Mason Heberling

I am a botany curator and plant ecologist studying the functional ecology of understory plant species in temperate forests, especially in the context of climate change and introduced species invasions. As a museum curator, I strive to facilitate and broaden the use of natural history collections by students, researchers, and the public. As a museum-based researcher, I use herbarium specimens, field experiments, and observational data to understand basic plant function and complex ecological interactions. My research program explores a diverse range of topics under the umbrella of global change biology and museum collections. These projects currently focus on the following:

1)  New roles for natural history collections in the Anthropocene. With over 390 million plant specimens collected by thousands of botanists over nearly five centuries residing in over 3,000 collections worldwide, herbaria (collections of preserved plant specimens) comprise an enormous resource for understanding the world around us. Herbarium specimens are receiving unprecedented attention due to recently developed methods, new perspectives, and perhaps most notably, their increased accessibility through widespread digitization. While the longstanding functions of herbaria rooted in taxonomy and systematics remain critically relevant in modern research, herbarium data are increasingly used in unanticipated ways. A major aim of my research seeks ways to increase the research value of museum specimens, enhancing traditional uses and developing new uses altogether. We are involved in several large-scale specimen digitization projects. We are rethinking the way new specimens are collected, in addition to how existing specimens are used in research. My research program uses specimens as spatially, temporally, and taxonomically rich sources of phenotypic and genotypic data. More specifically, we are using specimens to uncover human-induced shifts in leaf functional traits, plant flowering times, and even plant root-associated microbial communities.

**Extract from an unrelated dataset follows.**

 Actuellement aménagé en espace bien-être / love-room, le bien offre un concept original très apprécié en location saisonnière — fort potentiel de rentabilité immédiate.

2) Phenological mismatch and impacts of disrupted interactions under climate change and species invasions. The seasonal timing of biological events such as leaf emergence, flowering, and fruiting is especially critical for forest wildflowers that rely upon high light in the spring, before being shaded out by trees. Our research in the northeastern United States demonstrates that the timing of leaf out for overstory trees advanced at a faster rate than understory wildflowers in response to warmer spring temperatures over the past 150+ years. This climate change-induced phenological mismatch between overstory trees and understory wildflowers has already significantly decreased understory wildflower plant carbon budgets and is projected to cause further performance declines in the coming decades. In addition to climate change, our forests are increasingly invaded by non-native shrubs with extended leaf phenology (early leaf out in spring and/or late leaf drop in autumn), forming dense canopies that further reduce understory light levels. We are studying the impacts of increased shade on forest wildflowers, the biological mechanisms explaining different phenological responses of trees, shrubs, and wildflowers, and how these phenological mismatches may differ across latitude and different temperate forest floras of the world.

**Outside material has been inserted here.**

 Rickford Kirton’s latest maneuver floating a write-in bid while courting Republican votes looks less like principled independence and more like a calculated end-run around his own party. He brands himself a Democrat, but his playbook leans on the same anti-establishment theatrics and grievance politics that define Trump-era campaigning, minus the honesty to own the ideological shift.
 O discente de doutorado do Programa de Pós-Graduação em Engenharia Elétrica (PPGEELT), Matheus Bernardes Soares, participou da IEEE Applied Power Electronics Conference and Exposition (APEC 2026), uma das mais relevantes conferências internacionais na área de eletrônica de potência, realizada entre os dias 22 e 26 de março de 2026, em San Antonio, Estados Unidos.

3) Physiological ecology of native and invasive plants. The globalization of human activities has resulted in the movement of plants around the world, with ecological impacts of serious conservation concern. This ongoing reshuffling of species serves as one of the largest unplanned experiments in ecology and evolution. Intuitively, it appears paradoxical that non-native species, with no opportunity for local adaptation, can exhibit greater fitness than native plants with this advantage. Our research seeks to explain what traits or strategies make invasive species successful, and whether invaders follow different physiological tradeoffs than native species. The success of native and invasive plants in eastern North American forests intersects with other aspects of environmental and ecological change, including novel species interactions, deer overabundance, climate change, and habitat degradation. Our research focuses on several invasive species of concern in the Pittsburgh area and beyond, especially in forests, including allelopathic garlic mustard (Alliaria petiolata) and Japanese, giant, and hybrid knotweed species (Reynoutria spp.). While much of these comparative ecophysiological studies are couched in terms of biological invasions and conservation, at the core of my research is understanding why plants from different regions of the world might function differently, despite similar present-day abiotic conditions. Current theories on the evolution of plant function assume strong global convergence in resource use strategies, yet many invasive species seem to follow different physiological tradeoffs than native species.